I added him the same day. So long as you keep an eye on your parameters, are using Seachem Prime as your water conditioner, and your tank is heated, your betta will be safe. There's nothing in organic soil that should hurt him.


----------



## Bettalovinmomma (May 28, 2014)

Yes, I use prime. 

I didn’t get to do anything with it last night as my 2 yo was sick but I plan on emptying half he water to night and moving it to where it will be located. Then fill it up, check parameters and add him either tonight or tomorrow.


----------



## Bettalovinmomma (May 28, 2014)

Well I didn’t get to move the tank till yesterday but it’s finally done. Mr. Blue is finally in there. So far so good. He seems to like it. Lol. Tried eating some plants at first but realized they weren’t for eating. Plants seem to be ok except the anacharis. They are melting but also have some new growth so hopefully it’ll keep growing. Some pics of the tank and Blue. He is a half moon king.


----------



## Bettalovinmomma (May 28, 2014)

Man. That pic of the tank is blurry. Let’s try again.

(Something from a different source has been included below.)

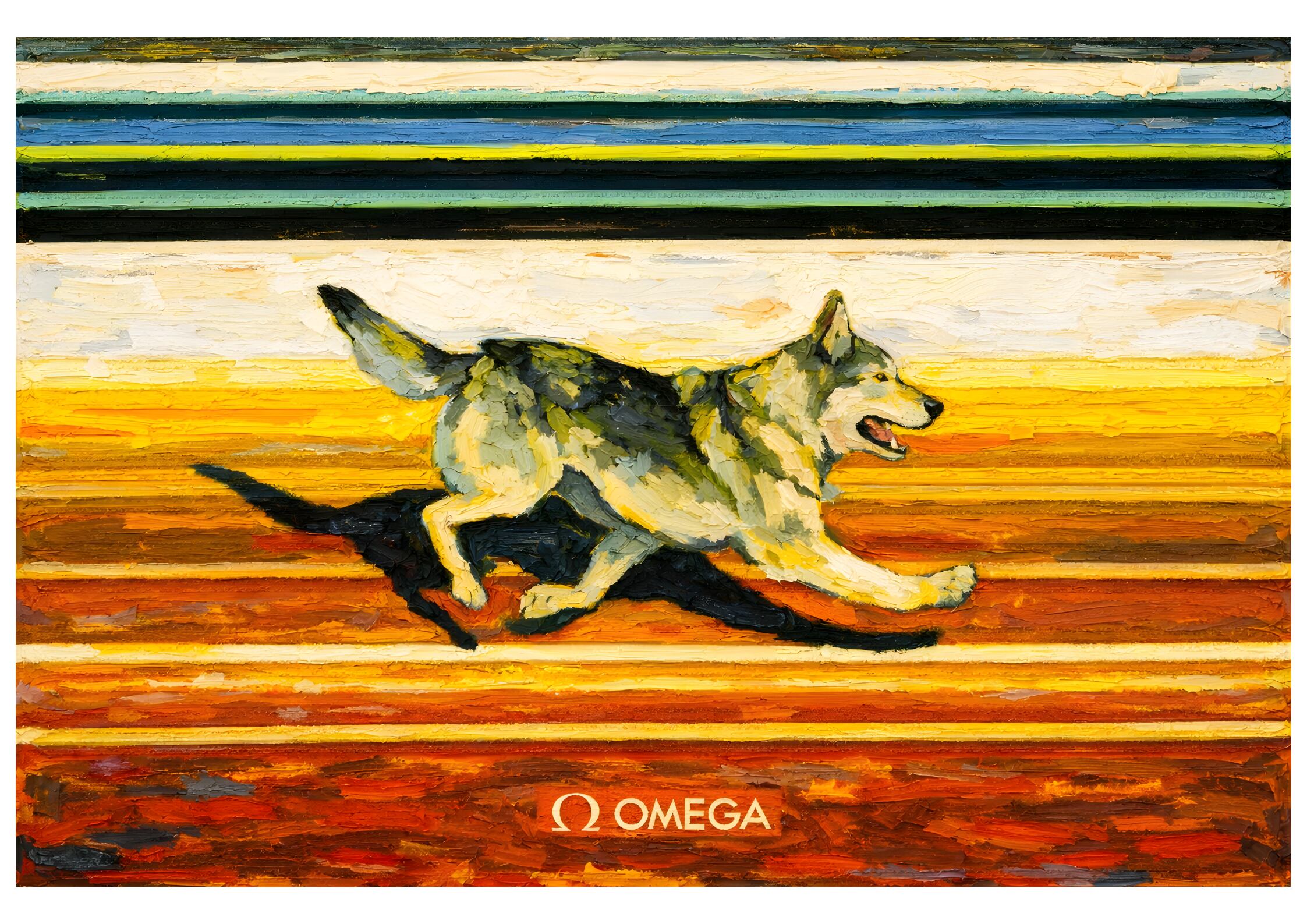 ミラノ・コルティナ五輪クロスカントリー競技で話題となった「犬乱入ハプニング」をモチーフにしたヴィンテージ風アートポスターです。

The spiderwood still isn’t water logged. I did soak it for a couple of days but I’ve read it can take a month for it to become fully waterlogged. So it’s held down for now by a rock. 

Question on fertilizer for the water column. How much Flourish would I use for a 10 gallon with the amount of plants in there. The instructions say capful (5mL) for 60 gallons. But my tired brain can’t break that down at the moment. 

ETA: pic isn’t much better.


----------



## Rainbo (Nov 23, 2015)

Aww, Mr. Blue looks like he's enjoying his tank!

I dose Flourish at 2 drops per gallon, but double check that you need to use fertilizer in a NPT. If you have too many nutrients in the tank the plants won't be able to utilize them fast enough and you will get you an algae bloom that will be a pain to get rid of.


----------